As previously mentioned, we’ve been having a nightmare with Broadcom NICs suddenly dropping out / hanging / freezing. All network traffic ceases / halts, despite the interfaces being up and showing no signs of any issues. This issue started affecting us after rolling out an upgrade to Solaris 10 update 8, but it also affects recent OpenSolaris builds. This has been on Dell R410 servers and R710 servers, and we’ve heard about people on HP servers having the same issue.
We thankfully found a workaround for it, which basically consists of disabling C-States in the BIOS. This is a power saving feature and support for it was added into Solaris 10 update 8, which is where we’re seeing the issue.
However prior to finding this workaround, I contacted Broadcom via their “Submit a support request” feature on their website. Nobody got back to me, and we were getting rather desperate so I was rather naughty and dropped one of their Kernel driver engineers a direct email. I won’t say who as he probably doesn’t want others mailing him directly.
The chap replied promptly, which was very impressive. He was very polite and explained that he couldn’t really help customers directly, as the OEM suppliers get upset, but he did offer some hints/tips. He mentioned that MSI-X was causing issues on Linux and suggested disabling it if we’re using v5.2.3 drivers or later. We’re not, we’re on 5.2.2 and 5.2.2 is the newest release available on the Broadcom website, so that was quite interesting.

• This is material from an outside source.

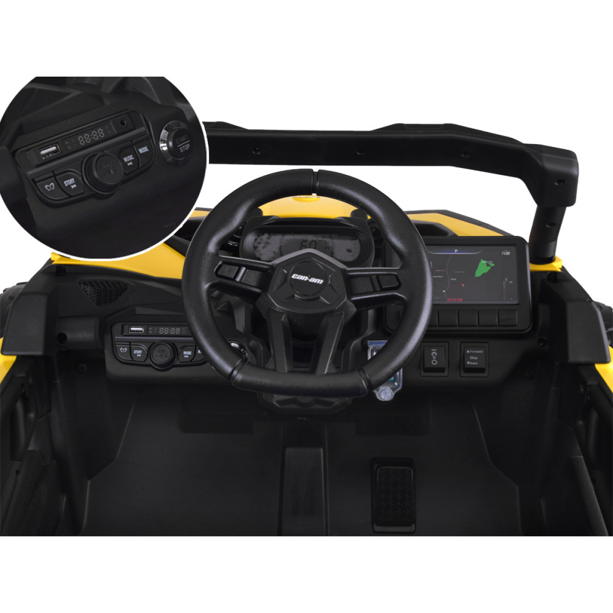 Stūres ritenī ir divas pogas - viena mūzikas pārslēgšanai, otra - signālam. Vadības panelī ir pogas auto iedarbināšanai, gaismas ieslēgšanai, ātruma izvēlei, braukšanai uz priekšu un atpakaļ, mūzikas pārslēgšanai un skaļuma regulēšanai. Ir arī MP3, USB ieejas, lai pieslēgtu savu mūzikas atskaņotāju, un bērns var klausīties savas iecienītās dziesmas un stāstus. Panelī ir arī baterijas uzlādes indikators un navigācijas imitācija.

He attached the release notes for the 6.0.1 driver which isn’t publicly available yet. Here is a snippet of the contents:
Broadcom NetXtreme II Gigabit Ethernet Driver
For Solaris 10 for i386 platform
Copyright (c) 2000-2010 Broadcom Corporation
All rights reserved.
Version 6.0.1 (21 May, 2010)
============================
Fixes
-----
1) Problem : default MTU now set to 1500, fixed jumboframe
and vlan issues.
Cause : buffer sizes weren't being allocated properly
to account for MAC header overhead w/ vlan tags
Change : allocations are now correct
2) Problem : when MSIX interrupt allocation failed driver
fails to attach
Cause : code didn't exist to revert down to Fixed
Change : driver now reverts to Fixed when MSIX interrupt
allocation fails
Version 5.2.3 (23 March, 2010)
==============================
Enhancements
------------
1) Change : Reworked interrupt code to no longer use deprecated
Solaris interrupt APIs.
2) Change : Added support for MSI-X interrupts. MSI-X is now used
by default and can be turned off via "disable_msix"
inside bnx.conf. When MSI-X is disabled then Fixed
level interrupts are used.
2) Change : Added a new "statistics" group to kstat which contains
driver version and interrupt information.
Version 5.2.2 (14 December, 2009)
=================================
Fixes
-----
1) Problem : Kernel Panic in the send routine:
assertion failed: umpacket->mp == NULL,
Cause : The umpacket->mp was not scrubbed properly because
the umpacket never went through the
bnx_xmit_ring_reclaim() function.
Change : After recycling the packet in the TX routine,
the packet is now reclaimed before it is being used.
The 6.x driver for Solaris 10 should hopefully be available later this year. The one that’s in OpenSolaris unfortunately can’t be used with Solaris 10 due to network stack differences.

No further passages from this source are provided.